The kite philosophy

Saturday, January 5, 2013 § 2 Comments

My niece is tugging hard on the string, shifting her weight from one foot to the other to keep her frame stable. If she wobbles, she will lose control of the kite, which by now flies higher into the sky as she lets go a length of the string at a time.

A swift moment after, the kite reaches the highest height its string will allow, stable up in the air, its tail dancing to the rhythm of the wind.

Happy with her feat, she then hands the string winder to my sister, effectively giving her all control of the airborne kite. My sister jumps at the chance, pleasure written all over her face. She pulls the kite a little, then turns to me and says, “Try it.”

I hesitate. I doubt I can control the kite against the wind. But she urges me and I give in. From where I sit, I can see the kite battling it out with the wind. It gives a slight pull. I answer it with a gentle tug.  Staring at the kite, I exclaim, “It’s such a nice feeling!”

An hour or so earlier, my sister and I were in the open field trying to fly the same kite. We took turns launching it and pulling the string in, but we never got to fly it at such a height. Worse, the kite crashed to the ground a number of times. It didn’t bother me, though, and in my mind I wasn’t as bad as I really was because from the get-go I was clear with my intention: I wouldn’t struggle with the wind and have the kite airborne like what the other kite flyers were attempting to do.

I know I couldn’t do it anyway.

I would just fly the kite at a height I could manage.

Kite-flying

I now think back to the times I underperformed because of the limits I subconsciously set for myself, and the many opportunities I passed up because I thought I couldn’t deliver.

I didn’t fly the kite as high as the string would allow not because I couldn’t but because I’d said to myself I wouldn’t. Even before I started, my mindset worked against me — not the wind, not how the kite was launched, not how I tugged on the string.

I could have flown that kite high in the air, or snagged that writing opportunity, or approached certain people of note, or planted my feet in that lovely place, if I didn’t start out drawing my boundaries, telling myself what I could only do and how far I could only go. Doing so made me weak, and it inevitably became my excuse to back out at the bleakest prospect of difficulty and failure.

The reason for my past failures is that I allowed the limitations I’d predertermined for myself to set my course when in fact I am bigger and better than my limitations.

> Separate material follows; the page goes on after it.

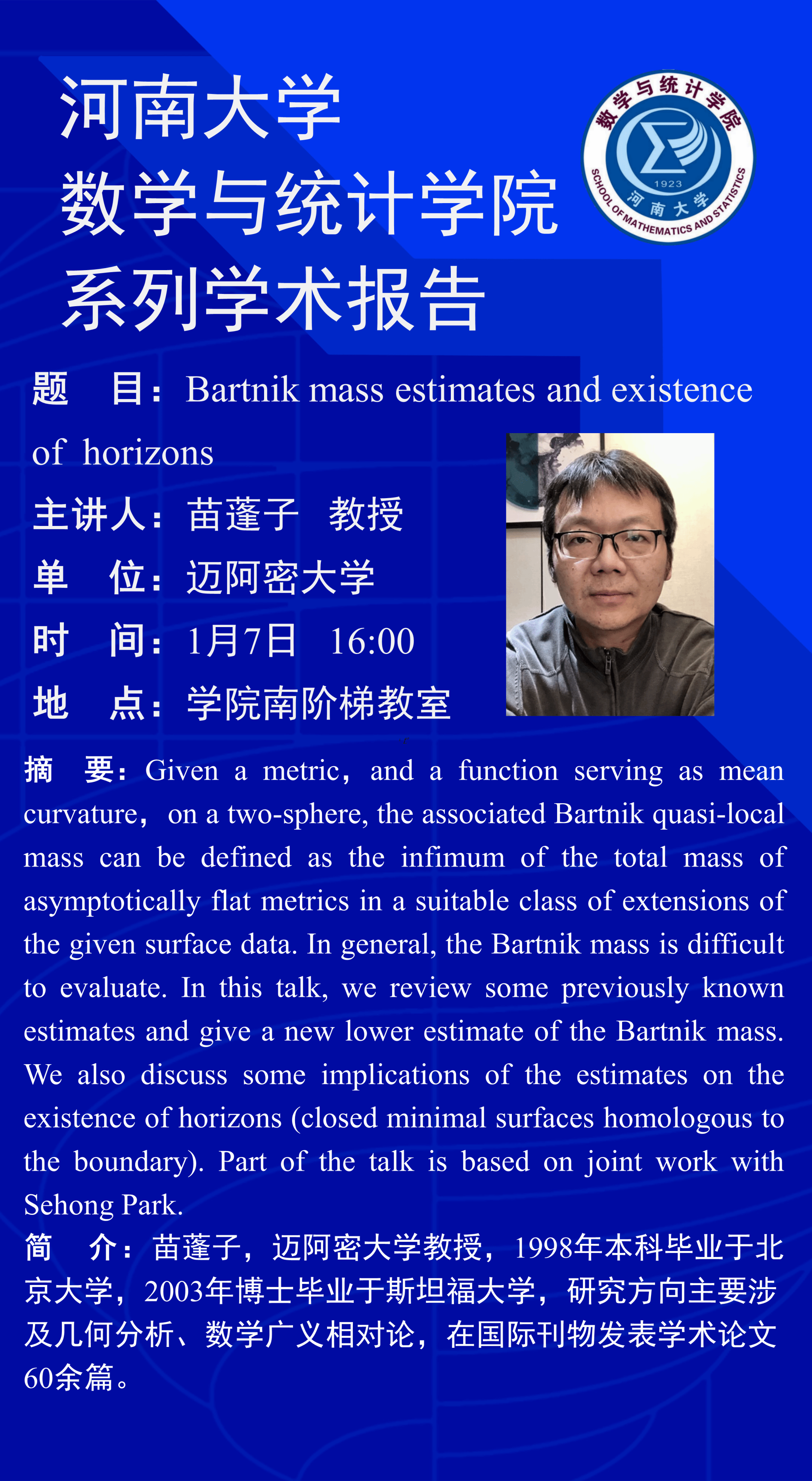 苗蓬子:Bartnik mass estimates and existence of horizons
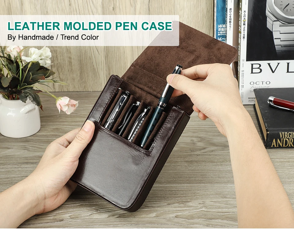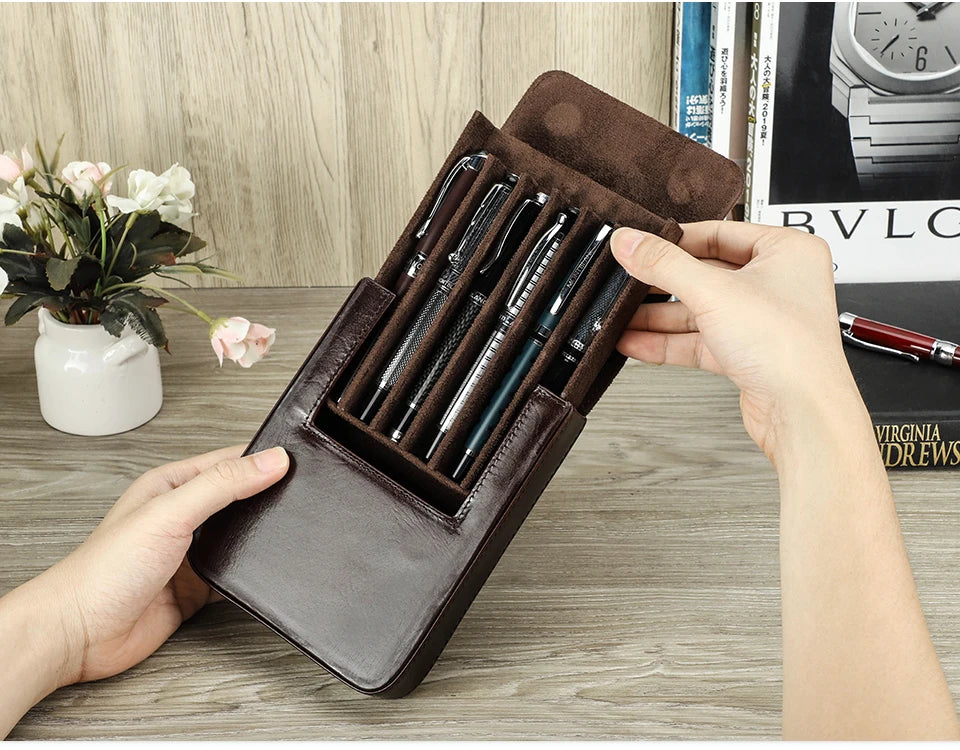 CONTACTS FAMILY 6 Pen Case Genuine Leather Detachable Portable Stationery Cover Holder Handmade Pen Box Shockproof Men

Truth is, I am that kite. I can fly high only if I let go of everything that holds me back — like how a kite flyer supposedly lets go of the string, with a trusting knowledge that each time he lets go, the kite glides higher.

What holds me back?

Fear holds me back.

Insecurity holds me back.

Pride holds me back.

Procrastination and laziness hold me back.

Wrong frame of mind holds me back.

Here within me is a suppressed potential. Everyone of us has. We are created to do greater than what we currently do — not necessarily greater in scope and size, but greater in significance and eternal value. We are destined to fly higher than where we are now, with our Ultimate Wind propelling us in the right direction, His character even magnified in our flight.

But first, we have to let go. Shall we?

As the new year unfolds, may we commit ourselves to being assertive, a doer, an action-maker, not putting limits to what we can do. Let’s not just sit idly and watch things happen; let’s make things happen. Let’s not just just seize opportunities; let’s create opportunities. Then we’ll be surprised at how far and high He can actually take us.